Output, exactly as written, the lines below from the one that has "Om married Nandita" through the one that has "獲得標高 | 平均勾配 |"; nothing else, and no pictures.

■ EXTRACTED MATERIAL:
=-=-=
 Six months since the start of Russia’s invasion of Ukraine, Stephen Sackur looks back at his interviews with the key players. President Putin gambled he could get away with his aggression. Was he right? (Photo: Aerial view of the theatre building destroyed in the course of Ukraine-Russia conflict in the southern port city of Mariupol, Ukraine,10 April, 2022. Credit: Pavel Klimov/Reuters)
=-=-=
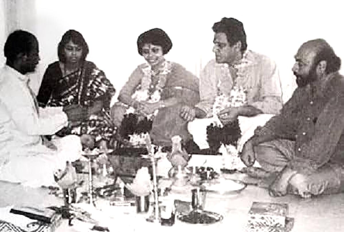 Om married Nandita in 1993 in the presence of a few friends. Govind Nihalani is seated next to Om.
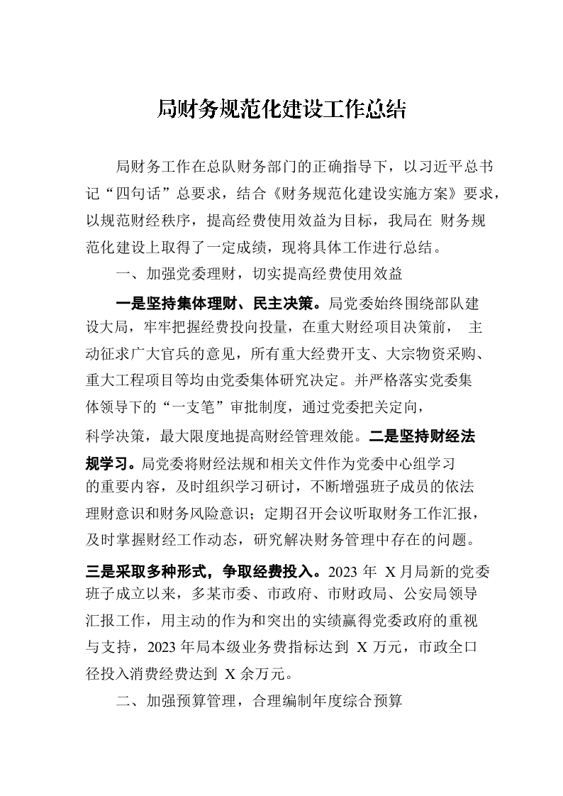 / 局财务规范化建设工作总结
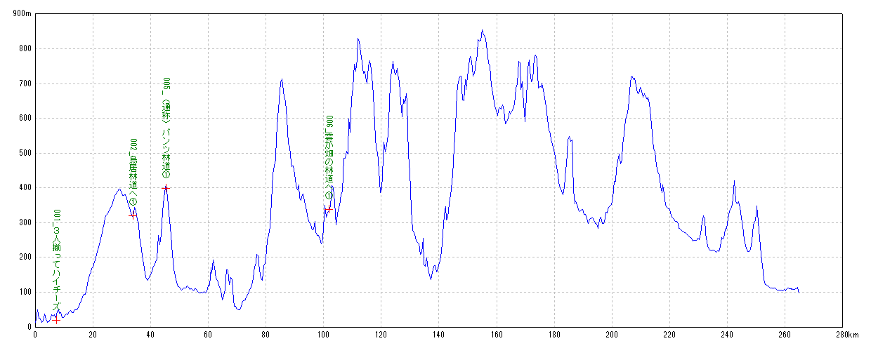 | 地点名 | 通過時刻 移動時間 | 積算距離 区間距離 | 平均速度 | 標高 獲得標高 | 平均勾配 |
=-=-=
■ TASK RESPONSE:
 Om married Nandita in 1993 in the presence of a few friends. Govind Nihalani is seated next to Om.
 / 局财务规范化建设工作总结
 | 地点名 | 通過時刻 移動時間 | 積算距離 区間距離 | 平均速度 | 標高 獲得標高 | 平均勾配 |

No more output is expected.